Restate word for word the opening line of the data below and every line after it until the line with "Es handelt sich", that line too, but not the pictures.

BEGIN Entries shown

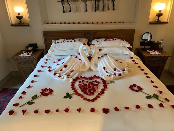 بالإنتقال إلى الفندق، ففضلاً عن تنسيق زفاف لـ150 شخصاً، يقدّم لك الوجهة المثاليّة لقضاء شهر العسل، من 190 غرفة نوم فاخرة من 10 بيوت عربيّة تقليديّة أصيلة لتختاري منها ما يُناسبك.
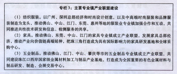?。ㄈ┩苿?dòng)專業(yè)鎮(zhèn)協(xié)同升級(jí)。(省科技廳牽頭,省經(jīng)濟(jì)和信息化委及珠三角九市政府等參與) ——發(fā)展專業(yè)鎮(zhèn)產(chǎn)業(yè)聯(lián)盟。支持各市專業(yè)鎮(zhèn)在家具、家電、紡織服裝等特色優(yōu)勢(shì)產(chǎn)業(yè)重要環(huán)節(jié)加強(qiáng)合作與交流,促進(jìn)專業(yè)分工和產(chǎn)業(yè)鏈延伸,形成專業(yè)鎮(zhèn)產(chǎn)業(yè)發(fā)展聯(lián)盟(專欄3)。
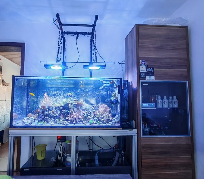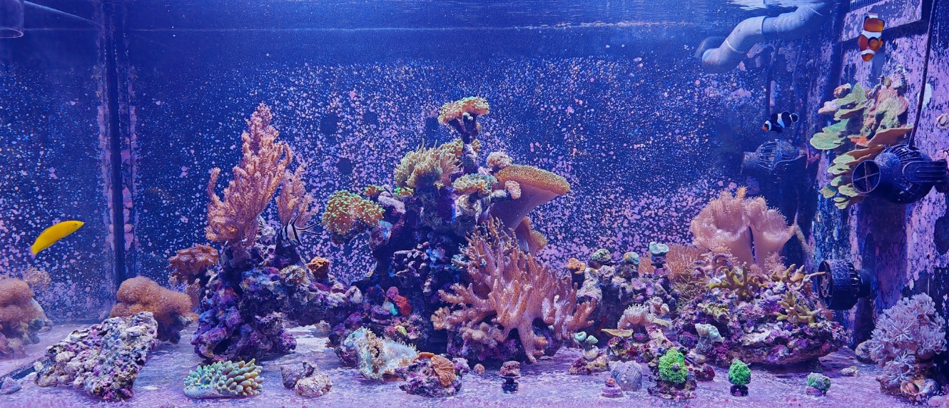 Es handelt sich hier um mein erstes Meerwasserbecken. Dieses läuft jetzt seit September 2024, es hat insgesamt 500l Systemvolumen. Das Hauptbecken hat die Nettomaße 117,5 x 62,7 x 49,5.
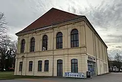 Ein Vorgängerbau des heutigen Gebäudes war 1845/1846 nach einem Entwurf von Johann Philipp August Bunge entstanden. Das heutige repräsentative zweigeschossige Haus wurde 1886 unter Einbeziehung von Teilen der Bausubstanz des Altbaus errichtet. Im Obergeschoss befindet sich ein prächtiger Saal mit die gesamte Raumhöhe umfassenden Rundbogenfenstern. Bedeckt ist der Bau von einem steilen Walmdach. Ein auf der Nordwestseite ursprünglich bestehender Anbau wurde Anfang des 21. Jahrhunderts abgerissen.
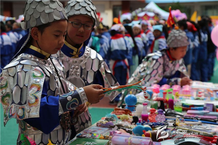 活動現(xiàn)場,各班各出奇招推銷商品,為了吸引顧客,有的班級設計了具有本班特色的口號、宣傳牌;有的班級學生還裝扮成“兵馬俑”現(xiàn)場表演吸引顧客;有的在展位前進行舞蹈、歌唱表演;還有的現(xiàn)場流動兜售……吸引了一批又一批顧客前來購買,吆喝聲、討價還價聲一浪高過一浪。
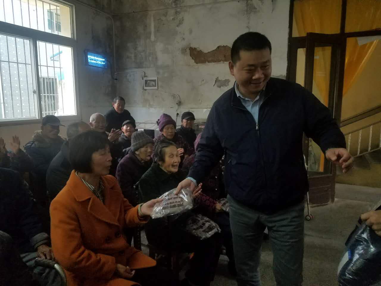 2017年12月1日礼拜五,舟山福瑞船务有限责任公司全体员工在芦花社区的协助下来到了舟山市勾山芦花社区敬老院慰问了敬老院内的五保老人。
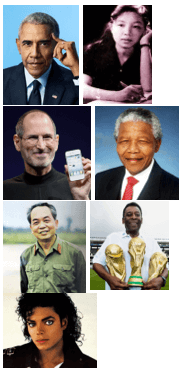 7 famous people: 1. Barack Obama 2. Dang Thuy Tram 3. Steve Jobs 4. Nelson Mandela 5. Vo Nguyen Giap 6. Pelé 7. Michael Jackson |
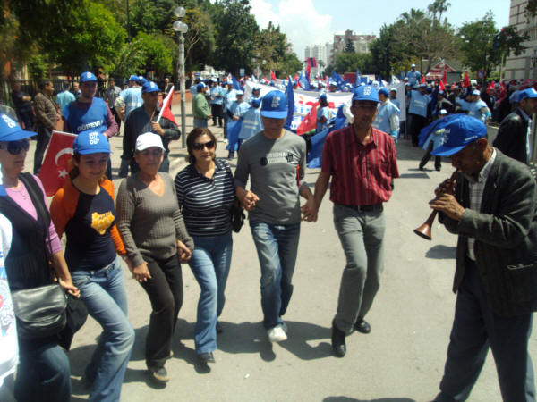 “Biz, Arap halklarının demokrasi mücadelesini destekliyor, onlara yapılan tüm anti demokratik müdahaleleri kınıyoruz. 1 Mayıs Birlik, Mücadele ve Dayanışma Günümüz Kutlu Olsun.”
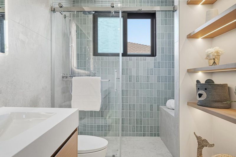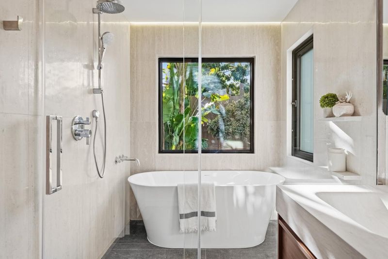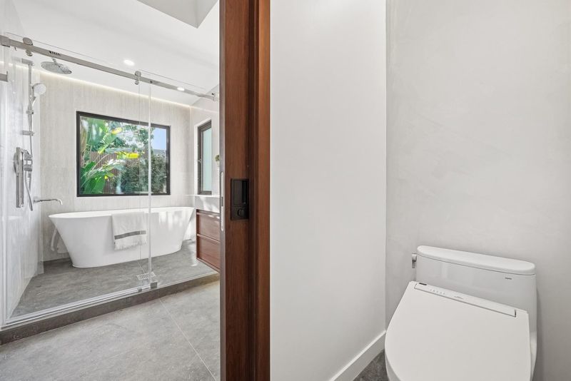 - Bidet, Double Sinks, Dual Flush Toilet, Primary - Oversized Tub, Primary - Stall Shower(s), Shower over Tub - 1, Skylight, Stall Shower, Tile
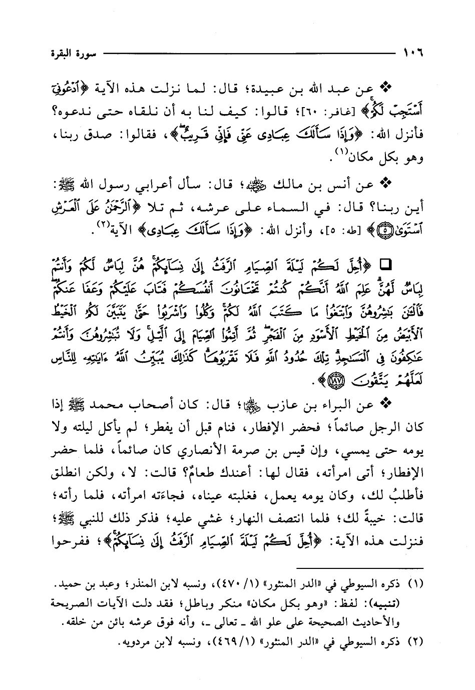 * {أُحِلَّ لَكُمْ لَيْلَةَ الصِّيَامِ الرَّفَثُ إِلَى نِسَائِكُمْ هُنَّ لِبَاسٌ لَكُمْ وَأَنْتُمْ لِبَاسٌ لَهُنَّ عَلِمَ اللَّهُ أَنَّكُمْ كُنْتُمْ تَخْتَانُونَ أَنْفُسَكُمْ فَتَابَ عَلَيْكُمْ وَعَفَا عَنْكُمْ فَالْآنَ بَاشِرُوهُنَّ وَابْتَغُوا مَا كَتَبَ اللَّهُ لَكُمْ وَكُلُوا وَاشْرَبُوا حَتَّى يَتَبَيَّنَ لَكُمُ الْخَيْطُ الْأَبْيَضُ مِنَ الْخَيْطِ الْأَسْوَدِ مِنَ الْفَجْرِ ثُمَّ أَتِمُّوا الصِّيَامَ إِلَى اللَّيْلِ وَلَا تُبَاشِرُوهُنَّ وَأَنْتُمْ عَاكِفُونَ فِي الْمَسَاجِدِ تِلْكَ حُدُودُ اللَّهِ فَلَا تَقْرَبُوهَا كَذَلِكَ يُبَيِّنُ اللَّهُ آيَاتِهِ لِلنَّاسِ لَعَلَّهُمْ يَتَّقُونَ (187)}.
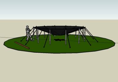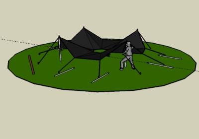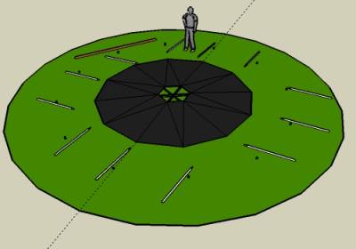 Lege alle benötigten Teile auf der Wiese aus. Das Dach so, wie die Jurte später stehen soll, die Heringe, Seile, Aufstellstangen außen herum, entsprechend an jede Ecke. Die Heringe kannst du in ca. zwei Meter Abstand zu den Ecken gleich einschlagen. Achte dabei auf die Flucht der Linien, so dass später das Seil die gerade Verlängerung der Naht im Dach darstellt. Hier könnt ihr auch gut die Stangen zur Hilfe nehmen, legt diese an die Zeltkante der Seilverbindung und setzt den Hering ans ende von diesem. So habt ihr später einen Perfekten Winkel zwischen Zelt Hering und Stange.
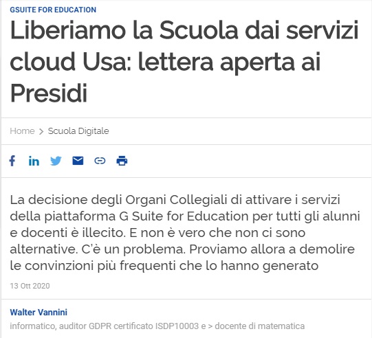 Insomma, ciascuno di noi è libero, purché consapevole, di utilizzare servizi che lo rendono di fatto asservito alle logiche, agli interessi e ai profitti delle piattaforme proprietarie, ma la scuola pubblica non può e non deve permetterselo.
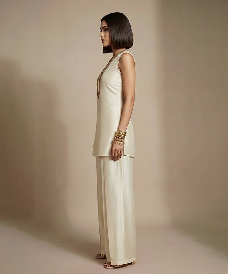 | Product Name | Ivory Embroidered Raw Silk Co Ord Set | |

END Entries shown

Response for this exercise
 بالإنتقال إلى الفندق، ففضلاً عن تنسيق زفاف لـ150 شخصاً، يقدّم لك الوجهة المثاليّة لقضاء شهر العسل، من 190 غرفة نوم فاخرة من 10 بيوت عربيّة تقليديّة أصيلة لتختاري منها ما يُناسبك.
?。ㄈ┩苿?dòng)專業(yè)鎮(zhèn)協(xié)同升級(jí)。(省科技廳牽頭,省經(jīng)濟(jì)和信息化委及珠三角九市政府等參與) ——發(fā)展專業(yè)鎮(zhèn)產(chǎn)業(yè)聯(lián)盟。支持各市專業(yè)鎮(zhèn)在家具、家電、紡織服裝等特色優(yōu)勢(shì)產(chǎn)業(yè)重要環(huán)節(jié)加強(qiáng)合作與交流,促進(jìn)專業(yè)分工和產(chǎn)業(yè)鏈延伸,形成專業(yè)鎮(zhèn)產(chǎn)業(yè)發(fā)展聯(lián)盟(專欄3)。
 Es handelt sich hier um mein erstes Meerwasserbecken. Dieses läuft jetzt seit September 2024, es hat insgesamt 500l Systemvolumen. Das Hauptbecken hat die Nettomaße 117,5 x 62,7 x 49,5.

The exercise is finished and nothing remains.